The Hubbard model is a prototype for strongly correlated many-particle systems, including electrons in condensed matter and molecules, as well as for fermions or bosons in optical lattices. While the equilibrium properties of these systems have been studied in detail, the nonequilibrium dynamics following a strong non-perturbative excitation only recently came into the focus of experiments and theory. It is of particular interest how the dynamics depend on the coupling strength and on the particle number and whether there exist universal features in the time evolution.
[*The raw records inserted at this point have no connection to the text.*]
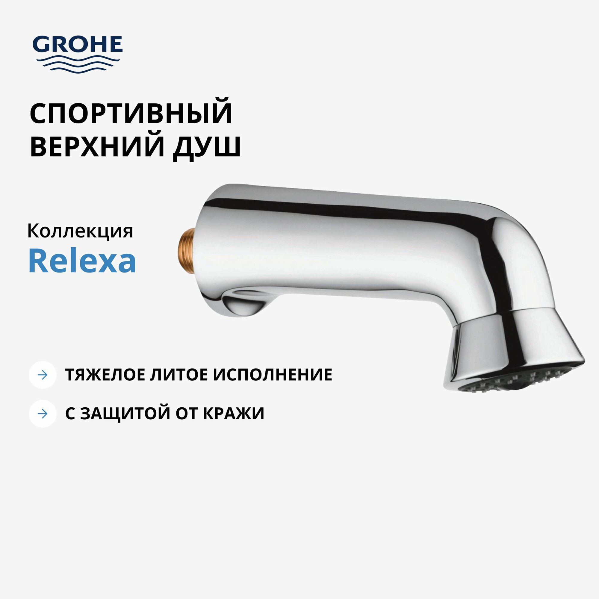 Верхний душ Grohe Relexa Plus ( Релакса Плюс ) 28948000 спортивный GROHE пожалуй самая известная марка на европейском рынке. Смесители GROHE это настоящие произведения от кутюр , вышедшие из виртуозных рук лучших инженеров и дизайнеров. Система контроля качества GROHE уникальна. Благодаря ей смесители GROHE обладают одинаковым высочайшим качеством - на каком бы заводе и в какой стране они ни были бы произведены.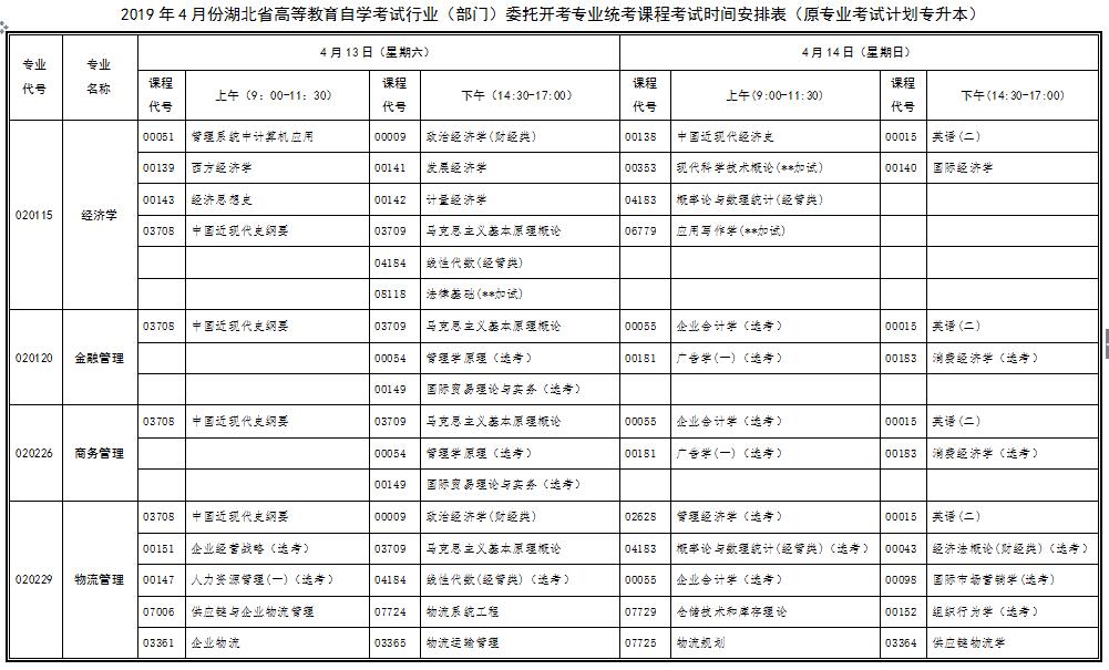 2019年4月份湖北省高等教育自學(xué)考試行業(yè)(部門)委托開考專業(yè)統(tǒng)考課程考試時(shí)間安排表(原專業(yè)考試計(jì)劃專升本)
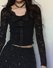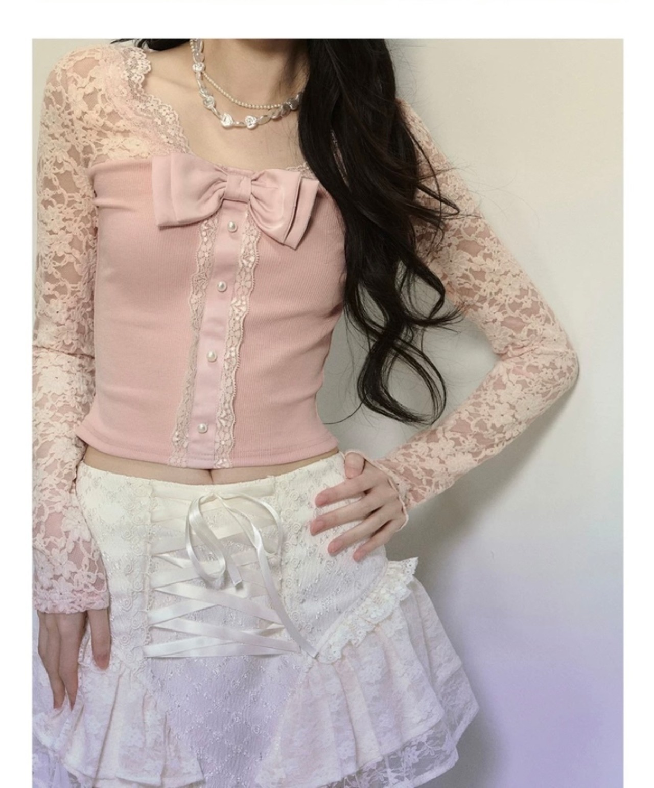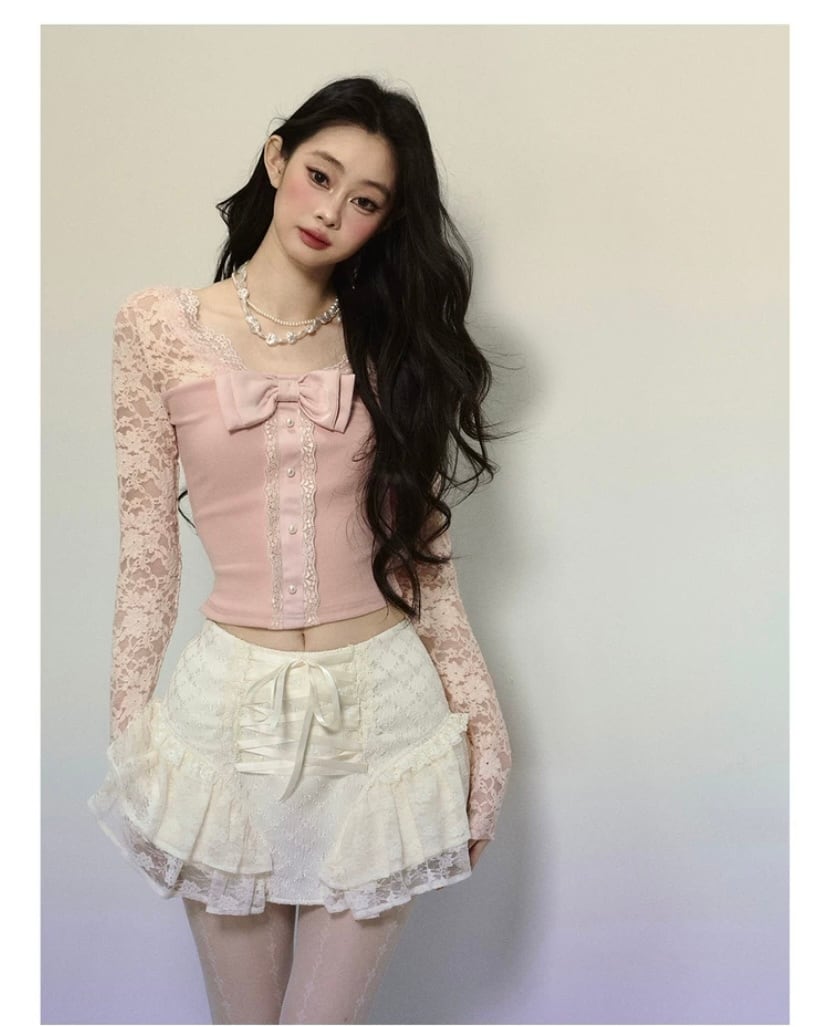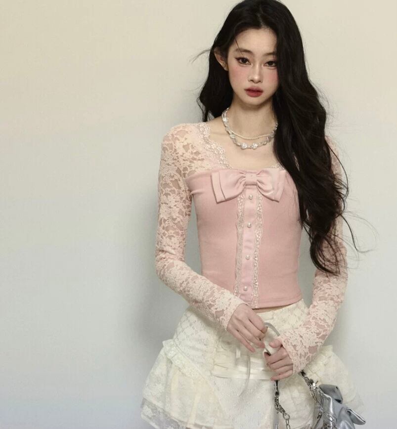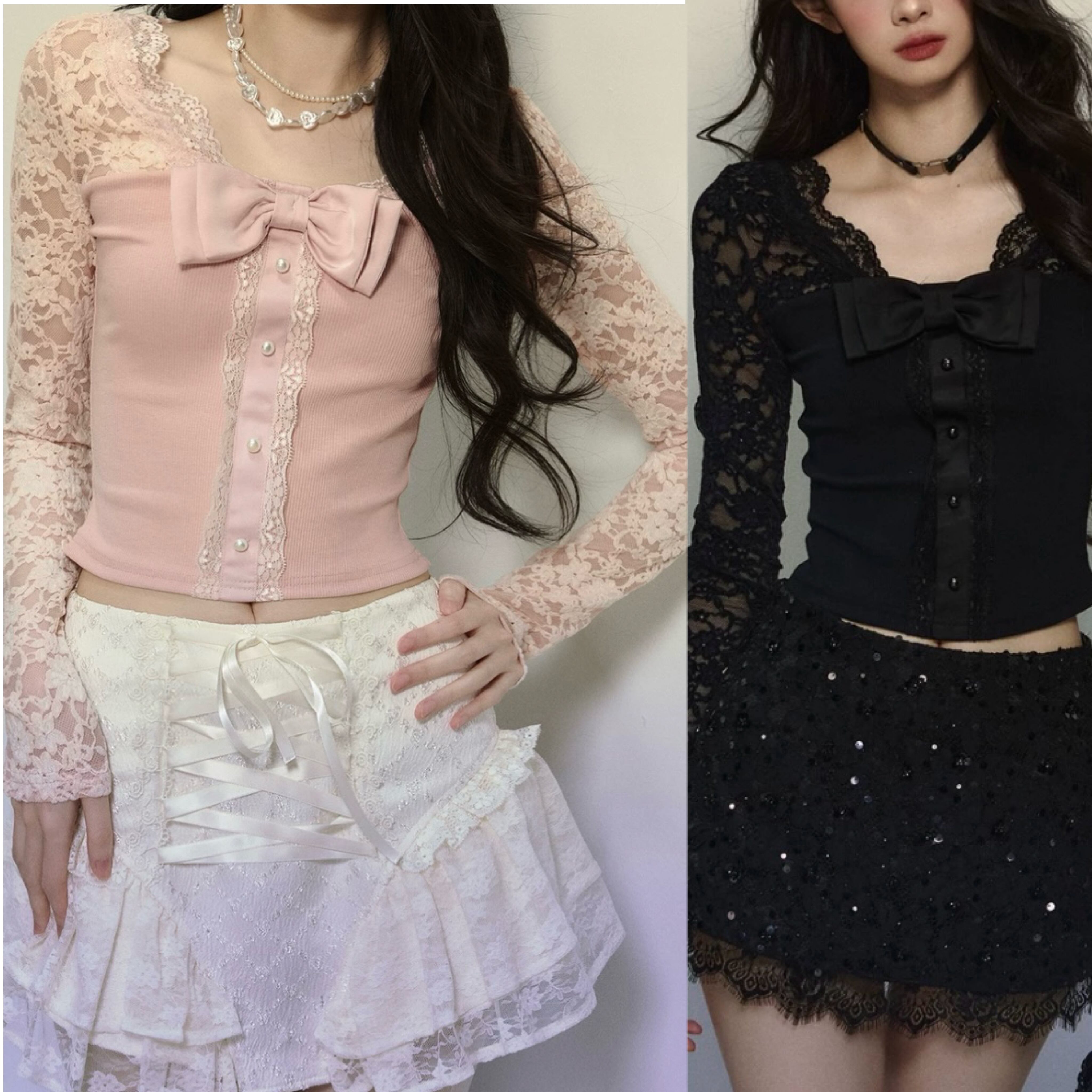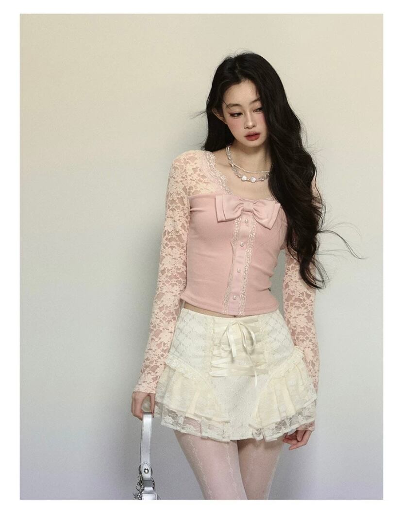ピンク 黒 リボン レース トップス ブラウス 可愛い 姫 原宿 お嬢様 カーディガン エレガント

Here, we present results for the dynamics of finite Hubbard clusters based on a selfconsistent nonequilibrium Green functions (NEGF) approach invoking the generalized Kadanoff--Baym ansatz (GKBA). We discuss the conserving properties of the GKBA with Hartree--Fock propagators in detail and present a generalized form of the energy conservation criterion of Baym and Kadanoff for NEGF. Furthermore, we demonstrate that the HF-GKBA cures some artifacts of prior two-time NEGF simulations. Besides, this approach substantially speeds up the numerical calculations and thus presents the capability to study comparatively large systems and to extend the analysis to long times allowing for an accurate computation of the excitation spectrum via time propagation. Our data obtained within the second Born approximation compares favorably with exact diagonalization results (available for up to 13 particles) and are expected to have predictive capability for substantially larger systems in the weak coupling limit.